SYCL* buffers are powerful, however, replacing all pointers and arrays with buffers in a c++ program may burden the programmer, so in this case you may consider using unified shared memory USM

1. When porting C++ code to sycl, you want to change as little code as possible

2. Use explicit USM allocation when you need to control data movement

Challenges encountered in the project, solutions and experiences

SYCL is a heterogeneous programming framework. For beginners who have never understood it, it is a challenge to understand the concepts and programming models of SYCL. In order to solve this problem, I carefully studied the audio ppt provided by the teacher and the oneapi official document The first four chapters mainly include three aspects: introduction to oneapi, sycl programming framework and sycl’s unified shared memory

In order to deepen the understanding of oneAPI, I wrote four summary csdn blogs based on the above learning content. The links are as follows:

oneAPI study notes 1: Introduction to SYCL

oneAPI study notes 2: jupyter official documentation (oneAPI_Intro) study notes

oneAPI study notes three: jupyter official document (SYCL Program Structure) study notes

oneAPI study notes four: jupyter official document (Unified Shared Memory) study notes

Despite this, learning sycl is still in the introductory stage and still faces many challenges, including but not limited to the challenge of dealing with different hardware compatibility, the challenge of how to optimize code on different devices, and some error handling specific to heterogeneous programming. challenges etc.

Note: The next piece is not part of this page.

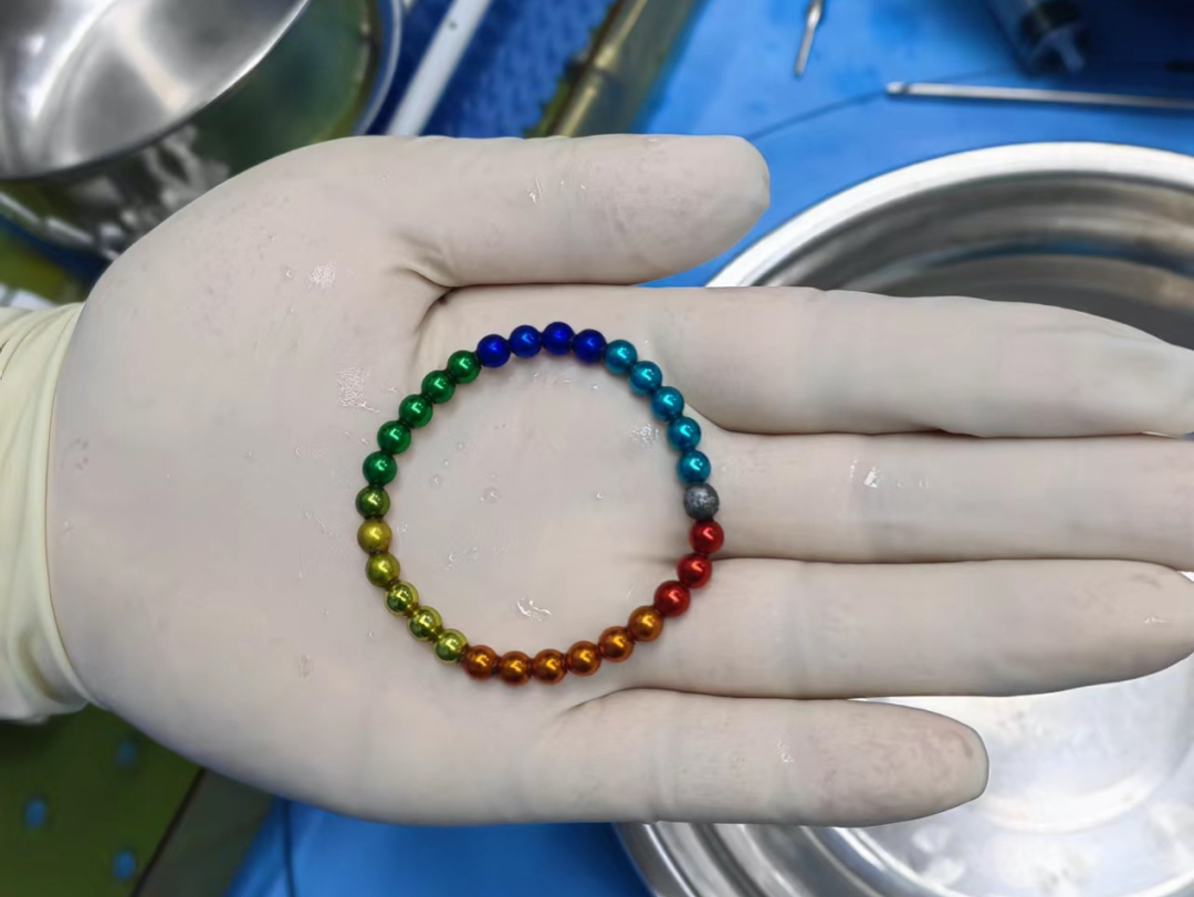 “万事开头难”,开了头后面就顺畅多了。取出第一颗珠子之后,医生很快又顺利取出一串珠子,手术经历大概半小时,珠子全部被取出。术后,手术团队一数,珠子竟然有整整30颗。

All in all, this oneAPI practice exposed me to Intel’s cutting-edge technology and benefited a lot. Conducting the SYCL experiment was a challenging but fulfilling process. During this process, I improved my ability to deal with an unfamiliar problem and at the same time exercised my ability to read and study English official technical documents. In addition, I was exposed to vocabulary that I had never heard of before, such as high-performance computing (HPC), heterogeneous programming, etc. With the accumulation of time and practice, I hope to become more proficient in applying SYCL and gain more gains and experience from it.